Apparently feeling left out, Duke Neville and Lord Robin then approached, though the former seemed far less enamored with Regina than the other victims of her panic.
“I, too, thank you for your compliment,” Duke Neville said dryly, “as well as the notion that my complexion needed powdering.”
Before Regina could apologize, Duke Neville snapped his fingers and Robin held out a lovely white flower that Regina had never previously seen.
“In return for my burst of color,” the Duke said, “I would have the pale moon accept an equally pale flower. What do you say, my lady?”
Thus, Regina was left to stare in horror as Robin’s flower-holding hand came ever close to her as her hands were held captive –
“I am the palest moon here,” the silver-haired Duke interrupted calmly as the rest of the room gawked at him. “So this present should belong to me.”
With those words, Duke Kuzey suddenly sent a wave of ice around the flower, pulling it toward him before crushing the poor bloom.
For a frozen moment, Regina could only stare at the Duke of the North’s casual display of power. As the shock slowly released its hold, Regina realized that Duke Kuzey was not only strange but also terrifyingly powerful… and dangerous.
Then, with an agility she had never seen in the man who mostly resembled a frozen pole, Duke Kuzey disentangled her hands from the two marquesses and spun her around three times, until she was away from all the other nobles the room contained.
Turning to Regina with unblinking eyes, the Duke Kuzey whispered, “Even if you are unlike a three-headed raccoon and cannot turn your head in all directions for attacks, I admire how well you twist. It is entertaining. Therefore, I am going to give you a chance to prove yourself agile.”
As Regina stumbled back in shock, Duke Kuzey turned around, bowed to the rest of the nobles and said, “While our future princess occupies herself with the rest of her preparations for her ball, I have prepared a sign of friendship for my fellow lords.”
With a flourish, Duke Kuzey produced two blades made of glittering ice for himself… before making copies for every other man in the room.
“Tell me,” Duke Kuzey said with soft, silky menace. “Have any of you gentlemen heard of the Northern custom of sword dancing?”
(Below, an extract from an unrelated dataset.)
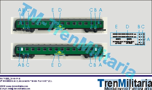 | Referencia O-RE-000_0011 Coche pasajeros RENFE 2ª BB-8592 lote 2 (vent. rectangulares) (O), en decoración Verde Post-UIC | 7,60 € |

On that ominous note, Regina decided to take advantage of the distraction and flee.
It was only once she had entered the convenient archway that she realized she was back in the same strange hallway that had vanished before her previously. As she tried to determine how that had happened, it was less of a surprise when she looked up and the same elegant but eerie red-headed servant was standing in front of her once more.
“My lady,” the servant, now a butler once more, said softly. “If you would please follow me, Prince Artem and his… special guests have been waiting for you and time is a terrible thing to waste.”
“Special guests?” Regina cried. “Who? What? When? Where? How do you change outfits so quickly?!”
The servant did not answer and Regina followed as if her feet were moving on their own.
“I know,” she said softly, “that time is precious, but what can I do when I have so little of it?”
For the first time, the servant paused in their stride and looked back at her, golden eyes flashing.
“Perhaps,” they said mildly, “you need to find the time that was taken… and take it back.”
As Regina stared in utter horror, the world seemed to shift around her and her head ached and her eyes closed…
When she re-opened her eyes, Regina frowned.
“What was I doing?” she said.
Shrugging, she continued forward into the strangely familiar garden.
“Perhaps,” she said with a soft smile, “I do have time to smell the flowers.”